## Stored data
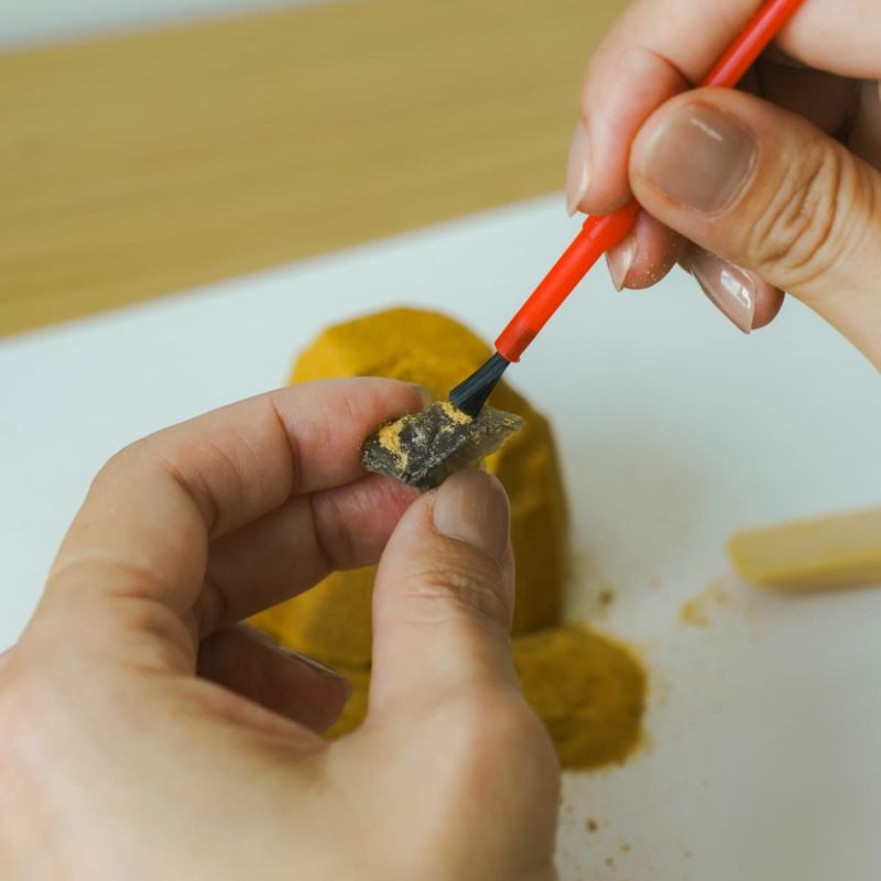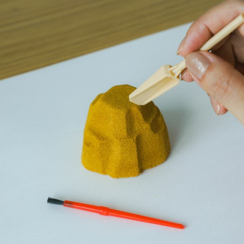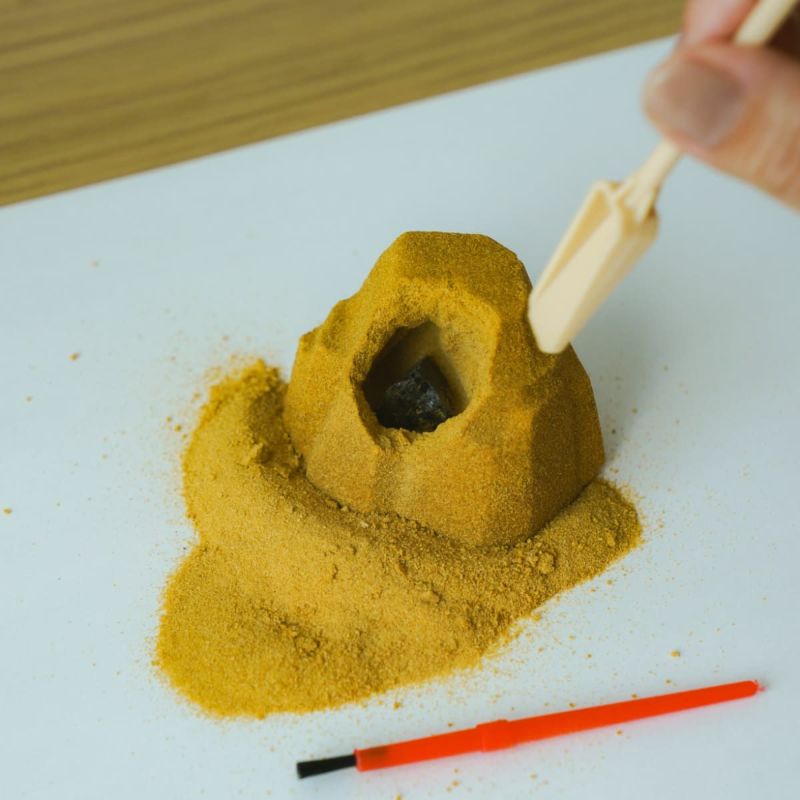 砂の中に隠れた“本物の水晶”を、付属のスティックとハケで探し出す、子どもも大人も楽しめる発掘体験キット。
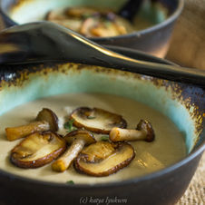 Veloute makes many different derivative sauces and soups, and it is a medium for gentle cooking of lean proteins. Master veloute and create beautiful things in your kitchen without peeking at recipes. Veloute is based on white (light) vegetables, poultry, meat, or fish broths and thickened with blond roux. We’ll make chicken and mushroom Velute Supreme and cook chicken breast in it. You will learn how to make silky low-calorie soups with shrimp and smoked fish based on Allemande, a derivative sauce with yolks and cream.
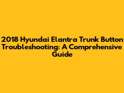 Troubleshooting a non-working trunk button on your 2018 Hyundai Elantra might seem daunting, but with a systematic approach, you can often identify and fix the problem yourself. Remember to start with the simplest solutions, like checking the fuse and battery, and then move on to more complex components like the button, wiring, and actuator. If you're not comfortable working on your car's electrical system, don't hesitate to seek professional help. By following these steps, you'll have your trunk popping open smoothly in no time! Good luck, and happy wrenching!
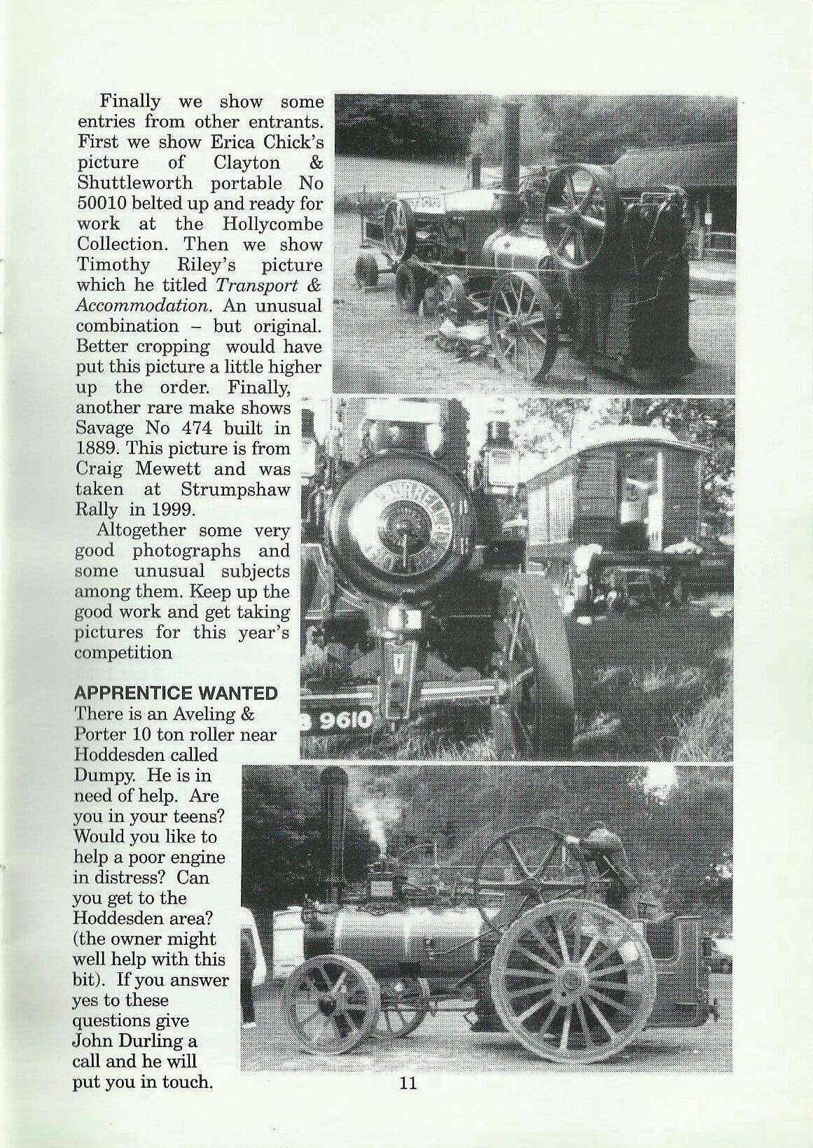 Finally we show some entries from other entrants. First we show Erica Chick's picture of Clayton & Shuttleworth portable No 50010 belted up and ready for work at the Hollycombe Collection. Then we show Timothy Riley's picture which he titled Transport & Accommodation. An unusual combination -but original. Better cropping would have put this picture a little higher up the order. Finally, another rare make shows Savage No 4 74 built in 1889. This picture is from Craig Mewett and was taken at Strumpshaw Rally in 1999. Altogether some very good photographs and some unusual subjects among them. Keep up the good work and get taking pictures for this year's competition
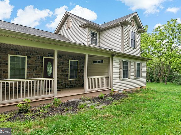 Check out this custom-built home on 1.84 private acres in Bunker Hill. This home was completely remodeled in 2021 and features many upgrades including new flooring throughout, quartz countertops, updated cabinets, newer appliances, a beautiful electric fireplace, and a deck off the main level. The primary bedroom, located on the first floor, features a walk-in closet and an oversized spa-like bathroom with a shower, soaking tub, and two separate sinks. Upstairs, you'll find 2 bedrooms, each with their own private, full bath. Additionally, there is an attached apartment or in-law suite that has a separate entrance and features a bedroom with its own living room, kitchen, full bath, and laundry hook-up. The long driveway and attached 2-car garage provide ample parking space, while the large yard is mostly level and surrounded by trees for privacy. Just off Route 11 and close to I-81, this home offers close proximity to Winchester, VA and other commuter routes.
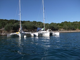 Die Törns in der Adria werden auf einem Corsair Trimaran oder einem NEEL 47 gefahren. Die Qualitäten des Corsair Trimarans liegen in seinen Segelleistungen. Der Wohnraum unter Deck ist spartanisch, aber funktionell.
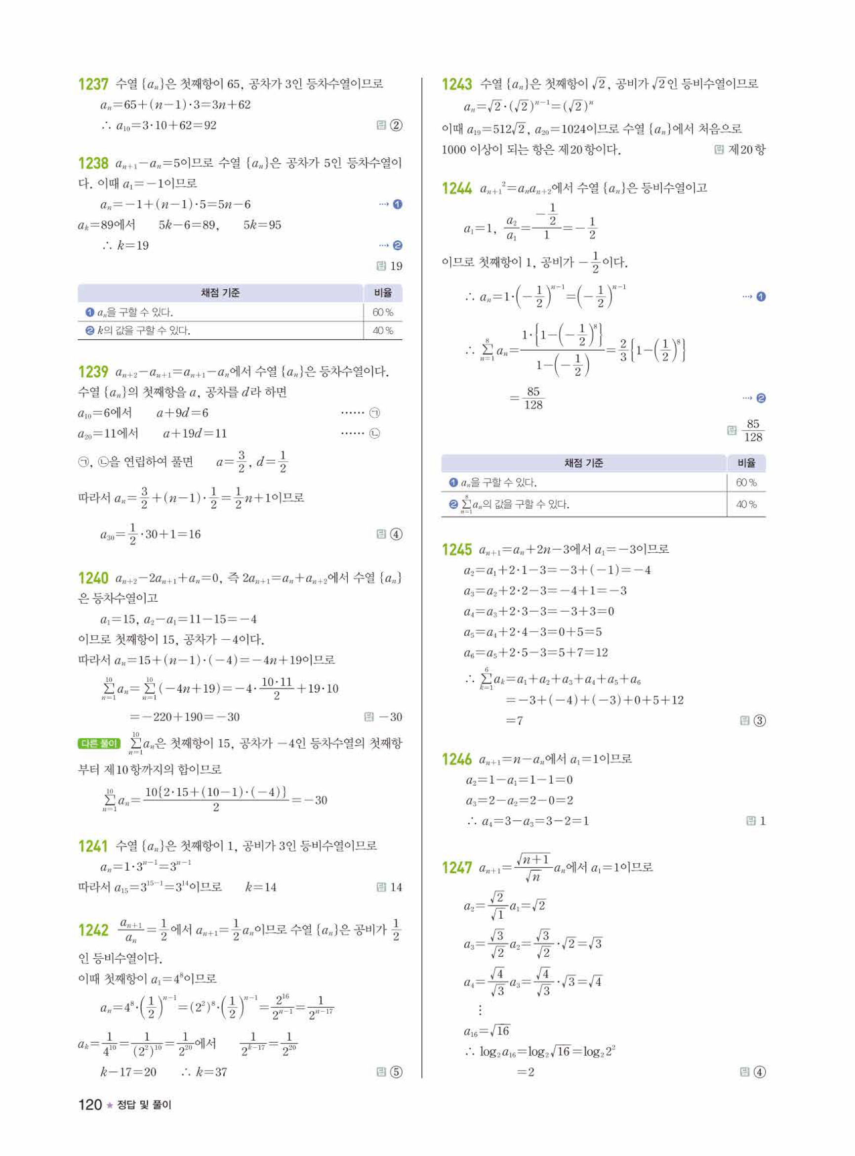 📢 라이트쎈 대수 답지 정답 해설 풀이 빠른답지 PDF 다운로드
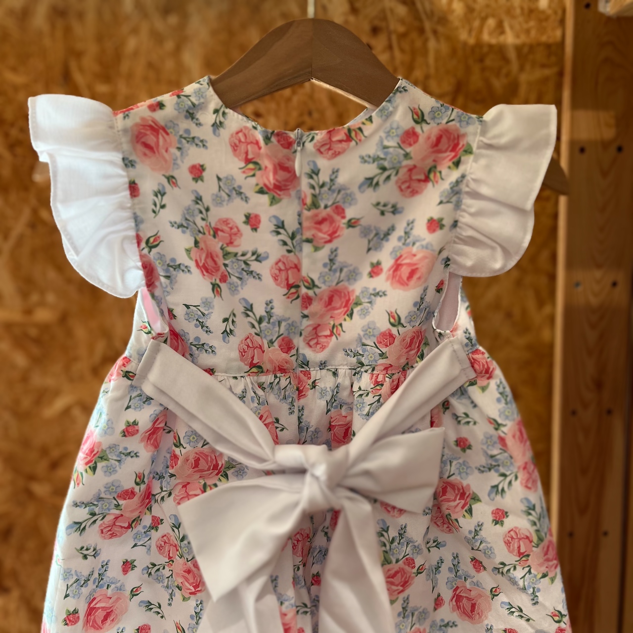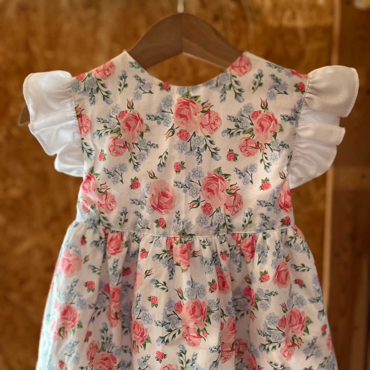 • Vestido infantil branco com padrão de rosas cor-de-rosa e folhas verdes, mangas bufantes brancas, pendurado em cabide de madeira.
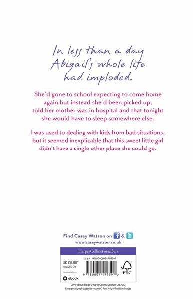 The fifth book from bestselling author and specialist foster carer Casey Watson. A recent census shows that there are at least 175,000 child carers in the UK, 13,000 of whom care for more than 50 hours a week. Many remain invisible to a system that would otherwise help them. Abigail is one of those children. This is her story.
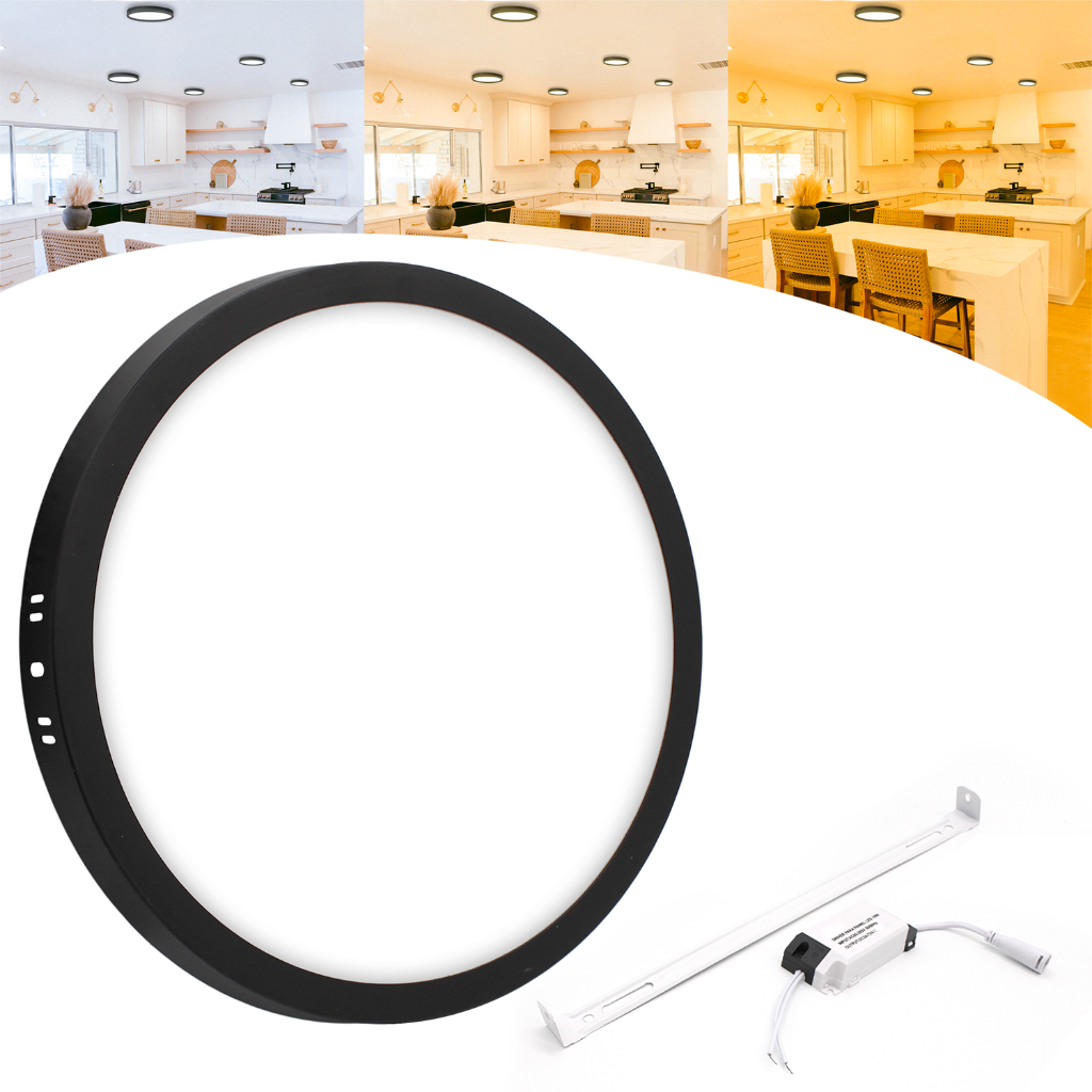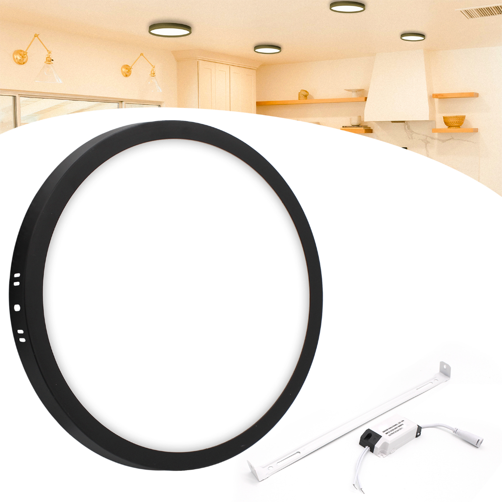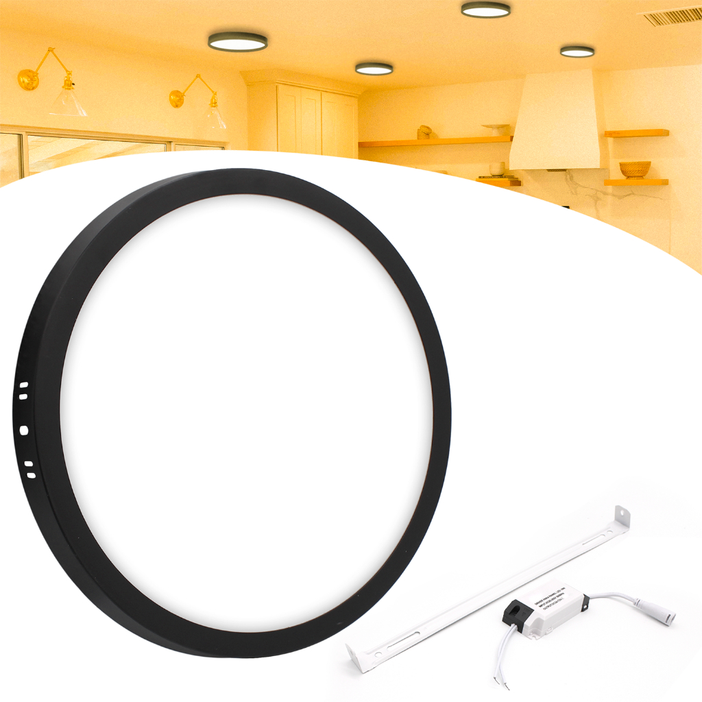 Painel Plafon Led 18w Sobrepor Redondo Preto Bivolt
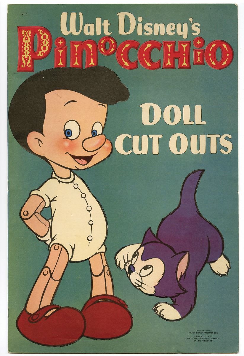(Whitman Publishing, 1939) Very large paper doll book for Pinocchio and Jiminy Cricket. Measures 11.25"x17". 8 pages of cut-outs including the covers. In fine condition, unused.
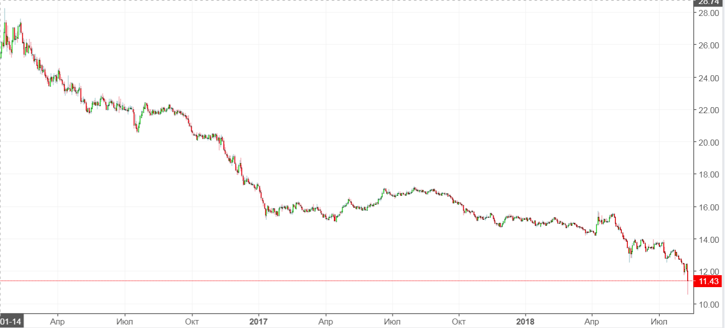 Рубль сегодня сильно укрепляется. И укрепляется он... к Турецкой Лире. Лира же просто сильно валится к рублю TRY/RUB :
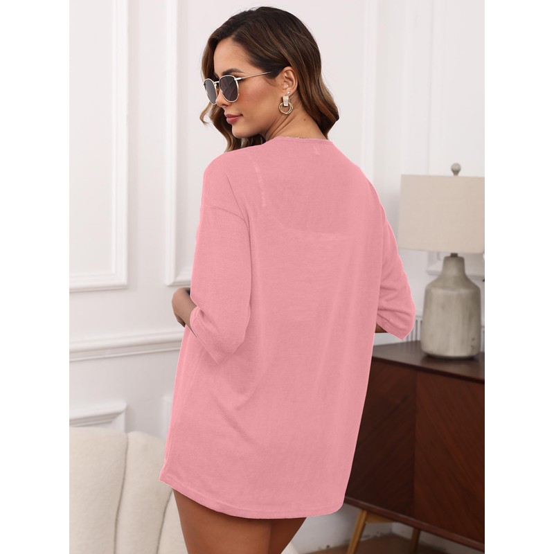 Heymoments Cardigan for Women Pink Small Draped 3/4 Sleeve Open-Front Lightweight Casual Soft Drape Summer Fall Kimonos Cardigans
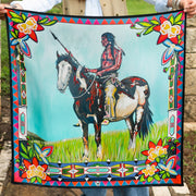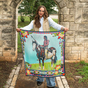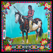 The Wait features a Native American figure on horseback—poised, focused, and patient. Inspired by the tension and stillness of a hunting moment, this piece is filled with quiet power. Courtney captures the strength in stillness and the resilience passed down through generations.
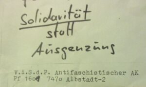 Wir wissen nicht viel über diese Gruppen, finden es aber spannend das es auch im ländlichen Zollernalbkreis früher unterschiedliche Antifa-Gruppen gab, die versucht haben an ihrem Ort gegen rechts aktiv zu sein.

## Assignment
Your answer must be an exact copy of the records, with no pictures in it.

## Response to the task
 砂の中に隠れた“本物の水晶”を、付属のスティックとハケで探し出す、子どもも大人も楽しめる発掘体験キット。
 Veloute makes many different derivative sauces and soups, and it is a medium for gentle cooking of lean proteins. Master veloute and create beautiful things in your kitchen without peeking at recipes. Veloute is based on white (light) vegetables, poultry, meat, or fish broths and thickened with blond roux. We’ll make chicken and mushroom Velute Supreme and cook chicken breast in it. You will learn how to make silky low-calorie soups with shrimp and smoked fish based on Allemande, a derivative sauce with yolks and cream.
 Troubleshooting a non-working trunk button on your 2018 Hyundai Elantra might seem daunting, but with a systematic approach, you can often identify and fix the problem yourself. Remember to start with the simplest solutions, like checking the fuse and battery, and then move on to more complex components like the button, wiring, and actuator. If you're not comfortable working on your car's electrical system, don't hesitate to seek professional help. By following these steps, you'll have your trunk popping open smoothly in no time! Good luck, and happy wrenching!
 Finally we show some entries from other entrants. First we show Erica Chick's picture of Clayton & Shuttleworth portable No 50010 belted up and ready for work at the Hollycombe Collection. Then we show Timothy Riley's picture which he titled Transport & Accommodation. An unusual combination -but original. Better cropping would have put this picture a little higher up the order. Finally, another rare make shows Savage No 4 74 built in 1889. This picture is from Craig Mewett and was taken at Strumpshaw Rally in 1999. Altogether some very good photographs and some unusual subjects among them. Keep up the good work and get taking pictures for this year's competition
 Check out this custom-built home on 1.84 private acres in Bunker Hill. This home was completely remodeled in 2021 and features many upgrades including new flooring throughout, quartz countertops, updated cabinets, newer appliances, a beautiful electric fireplace, and a deck off the main level. The primary bedroom, located on the first floor, features a walk-in closet and an oversized spa-like bathroom with a shower, soaking tub, and two separate sinks. Upstairs, you'll find 2 bedrooms, each with their own private, full bath. Additionally, there is an attached apartment or in-law suite that has a separate entrance and features a bedroom with its own living room, kitchen, full bath, and laundry hook-up. The long driveway and attached 2-car garage provide ample parking space, while the large yard is mostly level and surrounded by trees for privacy. Just off Route 11 and close to I-81, this home offers close proximity to Winchester, VA and other commuter routes.
 Die Törns in der Adria werden auf einem Corsair Trimaran oder einem NEEL 47 gefahren. Die Qualitäten des Corsair Trimarans liegen in seinen Segelleistungen. Der Wohnraum unter Deck ist spartanisch, aber funktionell.
 📢 라이트쎈 대수 답지 정답 해설 풀이 빠른답지 PDF 다운로드
 • Vestido infantil branco com padrão de rosas cor-de-rosa e folhas verdes, mangas bufantes brancas, pendurado em cabide de madeira.
 The fifth book from bestselling author and specialist foster carer Casey Watson. A recent census shows that there are at least 175,000 child carers in the UK, 13,000 of whom care for more than 50 hours a week. Many remain invisible to a system that would otherwise help them. Abigail is one of those children. This is her story.
 Painel Plafon Led 18w Sobrepor Redondo Preto Bivolt
(Whitman Publishing, 1939) Very large paper doll book for Pinocchio and Jiminy Cricket. Measures 11.25"x17". 8 pages of cut-outs including the covers. In fine condition, unused.
 Рубль сегодня сильно укрепляется. И укрепляется он... к Турецкой Лире. Лира же просто сильно валится к рублю TRY/RUB :
 Heymoments Cardigan for Women Pink Small Draped 3/4 Sleeve Open-Front Lightweight Casual Soft Drape Summer Fall Kimonos Cardigans
 The Wait features a Native American figure on horseback—poised, focused, and patient. Inspired by the tension and stillness of a hunting moment, this piece is filled with quiet power. Courtney captures the strength in stillness and the resilience passed down through generations.
 Wir wissen nicht viel über diese Gruppen, finden es aber spannend das es auch im ländlichen Zollernalbkreis früher unterschiedliche Antifa-Gruppen gab, die versucht haben an ihrem Ort gegen rechts aktiv zu sein.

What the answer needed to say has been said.